WHAT IS REQUIRED: Look below for the line containing "右键计算机单击属性,单击高级"; from there, print each line exactly up to and including the line containing "أما مكياج بريانكا", and stop.

MATERIAL FOR THIS EXERCISE:
————
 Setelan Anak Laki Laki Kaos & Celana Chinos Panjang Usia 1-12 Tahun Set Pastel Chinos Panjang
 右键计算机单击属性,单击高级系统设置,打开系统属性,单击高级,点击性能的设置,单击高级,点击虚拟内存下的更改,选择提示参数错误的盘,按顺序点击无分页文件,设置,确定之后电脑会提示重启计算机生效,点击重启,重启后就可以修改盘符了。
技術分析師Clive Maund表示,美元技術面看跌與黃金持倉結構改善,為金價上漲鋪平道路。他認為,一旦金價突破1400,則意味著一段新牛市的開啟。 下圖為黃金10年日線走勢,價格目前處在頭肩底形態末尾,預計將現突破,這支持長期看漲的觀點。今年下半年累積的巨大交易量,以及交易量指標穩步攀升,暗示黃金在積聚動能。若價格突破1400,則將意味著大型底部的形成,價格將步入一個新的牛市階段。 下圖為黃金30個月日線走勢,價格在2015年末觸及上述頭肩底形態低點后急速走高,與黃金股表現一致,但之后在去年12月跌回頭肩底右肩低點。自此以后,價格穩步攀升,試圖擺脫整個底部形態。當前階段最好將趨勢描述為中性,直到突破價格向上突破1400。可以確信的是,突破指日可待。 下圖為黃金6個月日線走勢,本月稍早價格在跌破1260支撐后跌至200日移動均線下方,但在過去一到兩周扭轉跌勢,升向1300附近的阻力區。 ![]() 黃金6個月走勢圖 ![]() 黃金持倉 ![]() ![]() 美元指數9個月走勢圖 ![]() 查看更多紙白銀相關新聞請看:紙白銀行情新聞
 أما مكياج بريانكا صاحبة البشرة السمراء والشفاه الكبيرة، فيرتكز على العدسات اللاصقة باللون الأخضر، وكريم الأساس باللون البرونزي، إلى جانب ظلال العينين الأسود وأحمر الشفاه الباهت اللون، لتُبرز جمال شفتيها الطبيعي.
————
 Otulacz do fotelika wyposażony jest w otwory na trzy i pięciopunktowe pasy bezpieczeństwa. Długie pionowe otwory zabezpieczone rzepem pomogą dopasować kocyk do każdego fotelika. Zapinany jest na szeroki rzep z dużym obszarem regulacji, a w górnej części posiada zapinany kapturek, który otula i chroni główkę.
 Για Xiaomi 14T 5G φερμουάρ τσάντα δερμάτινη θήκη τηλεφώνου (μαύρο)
————
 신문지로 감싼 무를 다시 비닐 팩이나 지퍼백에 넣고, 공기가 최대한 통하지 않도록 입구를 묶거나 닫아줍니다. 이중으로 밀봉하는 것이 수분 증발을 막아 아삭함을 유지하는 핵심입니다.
————
TASK SOLUTION:
 右键计算机单击属性,单击高级系统设置,打开系统属性,单击高级,点击性能的设置,单击高级,点击虚拟内存下的更改,选择提示参数错误的盘,按顺序点击无分页文件,设置,确定之后电脑会提示重启计算机生效,点击重启,重启后就可以修改盘符了。
技術分析師Clive Maund表示,美元技術面看跌與黃金持倉結構改善,為金價上漲鋪平道路。他認為,一旦金價突破1400,則意味著一段新牛市的開啟。 下圖為黃金10年日線走勢,價格目前處在頭肩底形態末尾,預計將現突破,這支持長期看漲的觀點。今年下半年累積的巨大交易量,以及交易量指標穩步攀升,暗示黃金在積聚動能。若價格突破1400,則將意味著大型底部的形成,價格將步入一個新的牛市階段。 下圖為黃金30個月日線走勢,價格在2015年末觸及上述頭肩底形態低點后急速走高,與黃金股表現一致,但之后在去年12月跌回頭肩底右肩低點。自此以后,價格穩步攀升,試圖擺脫整個底部形態。當前階段最好將趨勢描述為中性,直到突破價格向上突破1400。可以確信的是,突破指日可待。 下圖為黃金6個月日線走勢,本月稍早價格在跌破1260支撐后跌至200日移動均線下方,但在過去一到兩周扭轉跌勢,升向1300附近的阻力區。 ![]() 黃金6個月走勢圖 ![]() 黃金持倉 ![]() ![]() 美元指數9個月走勢圖 ![]() 查看更多紙白銀相關新聞請看:紙白銀行情新聞
 أما مكياج بريانكا صاحبة البشرة السمراء والشفاه الكبيرة، فيرتكز على العدسات اللاصقة باللون الأخضر، وكريم الأساس باللون البرونزي، إلى جانب ظلال العينين الأسود وأحمر الشفاه الباهت اللون، لتُبرز جمال شفتيها الطبيعي.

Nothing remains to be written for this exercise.